- **WHAT YOU NEED TO DO**: Your copy of the data below must be exact and must leave out all pictures.

- **PROVIDED DATA**:
++++++++++

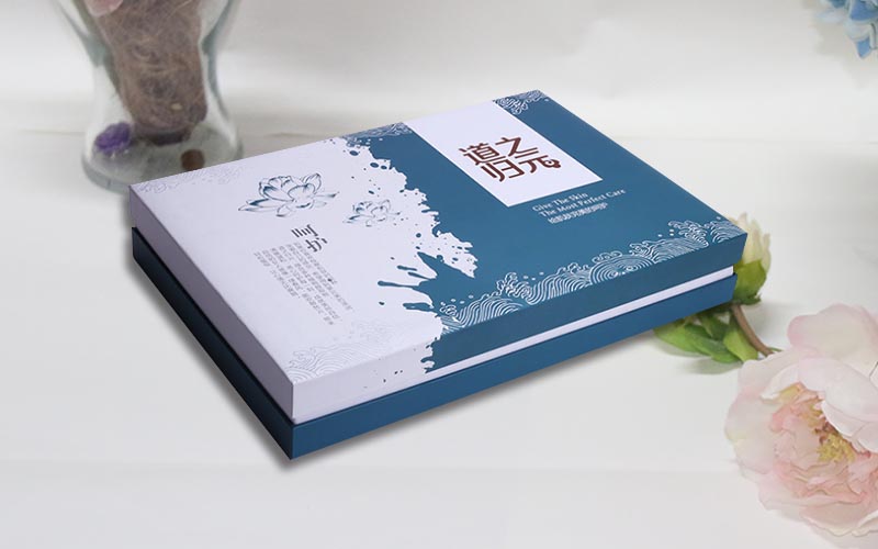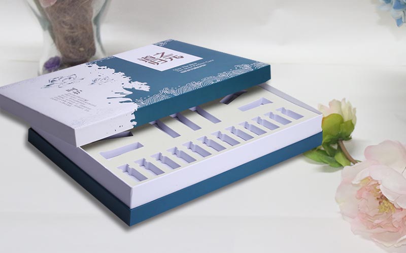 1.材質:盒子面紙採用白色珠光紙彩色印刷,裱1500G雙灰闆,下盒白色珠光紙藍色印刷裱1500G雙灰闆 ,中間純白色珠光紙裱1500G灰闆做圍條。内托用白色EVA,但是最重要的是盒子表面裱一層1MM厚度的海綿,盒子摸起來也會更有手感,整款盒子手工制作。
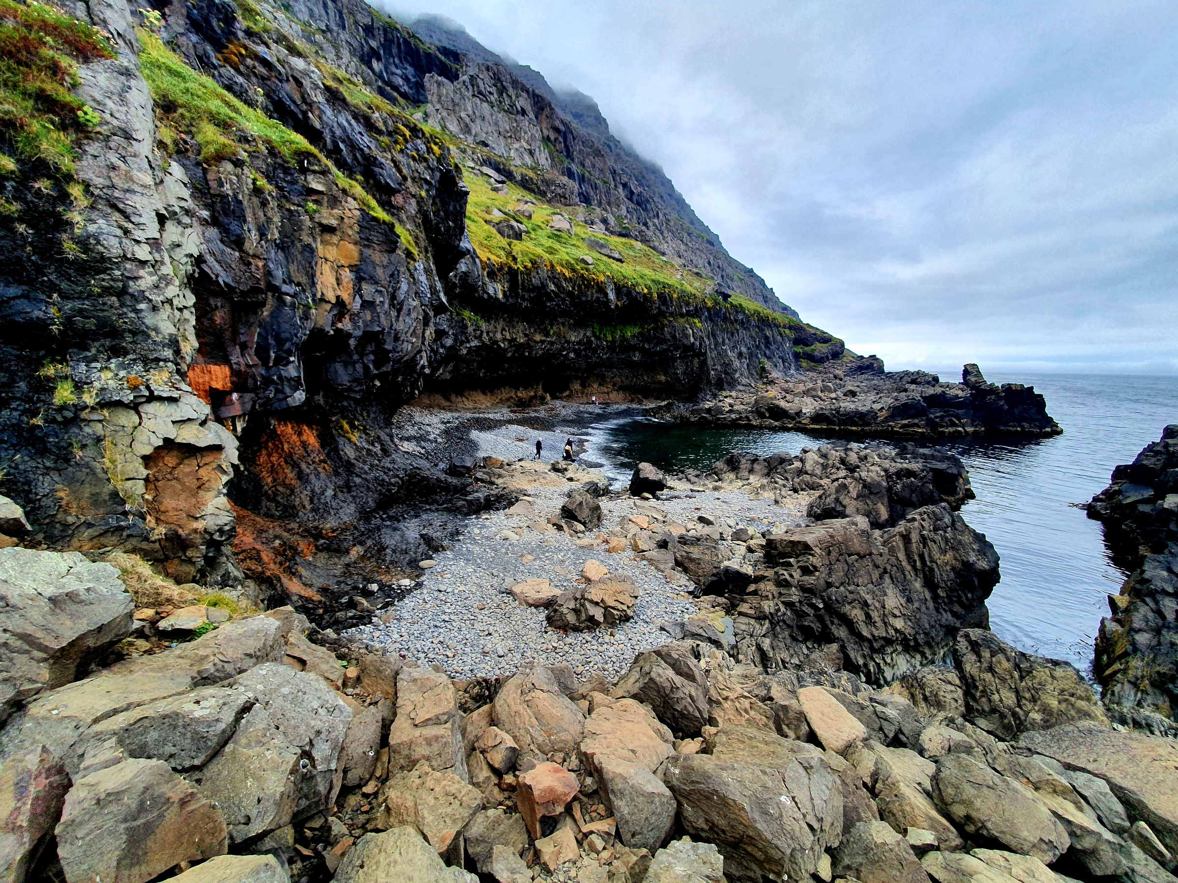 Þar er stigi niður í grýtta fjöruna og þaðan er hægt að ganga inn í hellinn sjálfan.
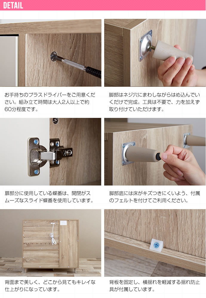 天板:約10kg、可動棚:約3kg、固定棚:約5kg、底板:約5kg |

++++++++++

- **OUTPUT OF THE EXERCISE**:
 1.材質:盒子面紙採用白色珠光紙彩色印刷,裱1500G雙灰闆,下盒白色珠光紙藍色印刷裱1500G雙灰闆 ,中間純白色珠光紙裱1500G灰闆做圍條。内托用白色EVA,但是最重要的是盒子表面裱一層1MM厚度的海綿,盒子摸起來也會更有手感,整款盒子手工制作。
 Þar er stigi niður í grýtta fjöruna og þaðan er hægt að ganga inn í hellinn sjálfan.
 天板:約10kg、可動棚:約3kg、固定棚:約5kg、底板:約5kg |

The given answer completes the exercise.